Как дон Рэба убил Сталина

Автор: Василий Стеклов

Да, речь наконец пойдет о знаменитом романе братьев Стругацких Трудно быть богом.

В романе получили развитие вопросы, поднятые еще в повести Попытка к бегству. Кратко я могу это обозначить как конфликт между общественным и личностным. Личность не может быть вне рамок общественных процессов и не может противостоять им в одиночку.
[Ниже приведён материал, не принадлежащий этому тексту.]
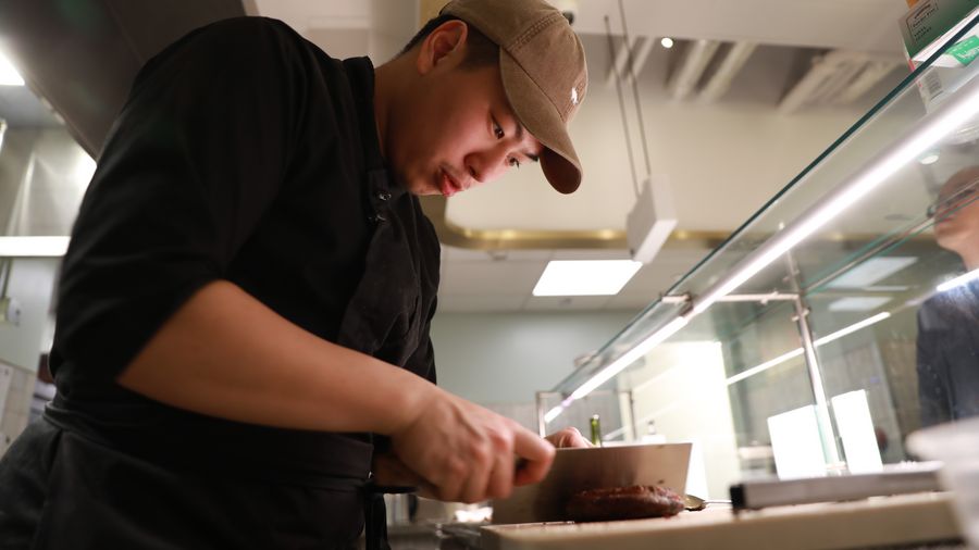 Chef Lucas Sin prepares food at Junzi Kitchen, in New York, the United States, Nov. 10, 2019. (Xinhua/Zhang Mocheng)

Но примириться с ними она также не может из-за нравственных противоречий. 

Напомню вкратце сюжет романа:
Произведение поднимает проблему Прогрессорства, хотя сам термин появится в более поздних произведениях АБС. Роман относится к циклу Полдень 22 век, хотя в нем нет сквозных персонажей. Главный герой, землянин Антон, выполняет задание на неназванной планете под именем Дона Руматы. На этой планете обитает гуманоидная цивилизация, которая находится на средневековом уровне развития. Имена и звания (напомню, Дон - это не только любимое слово-паразит одного российского политика, но и обращение к дворянам в испаноязычных странах) отсылают к Испании времен Инквизиции.

В задачу дона Руматы входит спасение интеллигенции Арканарского королевства, где глава секретной службы короля дон Рэба начал гонения на "грамотных". Помимо трудностей службы, образованный, утонченный и гуманный землянин Румата испытывает чудовищные нравственные страдания, живя среди грубых, жестоких и туповатых людей. Он понимает, что они не могут быть другими при уровне развития их общества, но и не реагировать на жестокость арканарских нравов он не может.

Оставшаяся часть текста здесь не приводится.